### TASK TO COMPLETE:
For the listing below, print exactly the lines from the line with "tek başımıza söyleriz." to the line with "每经讯,2026年4月14日", both included, and nothing beyond them.

### TASK DATA:

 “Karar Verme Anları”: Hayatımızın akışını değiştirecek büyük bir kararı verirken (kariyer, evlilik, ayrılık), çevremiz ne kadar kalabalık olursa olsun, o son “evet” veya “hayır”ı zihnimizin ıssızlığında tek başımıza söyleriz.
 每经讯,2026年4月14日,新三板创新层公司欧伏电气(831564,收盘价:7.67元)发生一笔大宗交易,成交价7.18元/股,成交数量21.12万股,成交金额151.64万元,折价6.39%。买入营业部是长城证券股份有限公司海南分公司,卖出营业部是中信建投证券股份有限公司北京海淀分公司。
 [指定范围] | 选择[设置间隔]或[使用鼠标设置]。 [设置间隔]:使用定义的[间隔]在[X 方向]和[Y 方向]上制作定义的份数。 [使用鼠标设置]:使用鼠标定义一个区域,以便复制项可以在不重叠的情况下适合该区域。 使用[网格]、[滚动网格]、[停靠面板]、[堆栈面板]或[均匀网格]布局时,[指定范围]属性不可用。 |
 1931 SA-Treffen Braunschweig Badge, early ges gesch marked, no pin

==

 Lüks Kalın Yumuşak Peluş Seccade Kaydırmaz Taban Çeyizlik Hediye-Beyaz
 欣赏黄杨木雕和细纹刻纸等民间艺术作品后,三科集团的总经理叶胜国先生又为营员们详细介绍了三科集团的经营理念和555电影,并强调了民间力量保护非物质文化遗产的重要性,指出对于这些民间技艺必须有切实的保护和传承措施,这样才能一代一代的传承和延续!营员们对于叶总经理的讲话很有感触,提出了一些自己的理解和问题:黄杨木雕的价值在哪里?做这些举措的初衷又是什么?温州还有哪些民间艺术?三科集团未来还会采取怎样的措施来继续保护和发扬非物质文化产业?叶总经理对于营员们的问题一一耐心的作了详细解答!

### OUTPUT:
 “Karar Verme Anları”: Hayatımızın akışını değiştirecek büyük bir kararı verirken (kariyer, evlilik, ayrılık), çevremiz ne kadar kalabalık olursa olsun, o son “evet” veya “hayır”ı zihnimizin ıssızlığında tek başımıza söyleriz.
 每经讯,2026年4月14日,新三板创新层公司欧伏电气(831564,收盘价:7.67元)发生一笔大宗交易,成交价7.18元/股,成交数量21.12万股,成交金额151.64万元,折价6.39%。买入营业部是长城证券股份有限公司海南分公司,卖出营业部是中信建投证券股份有限公司北京海淀分公司。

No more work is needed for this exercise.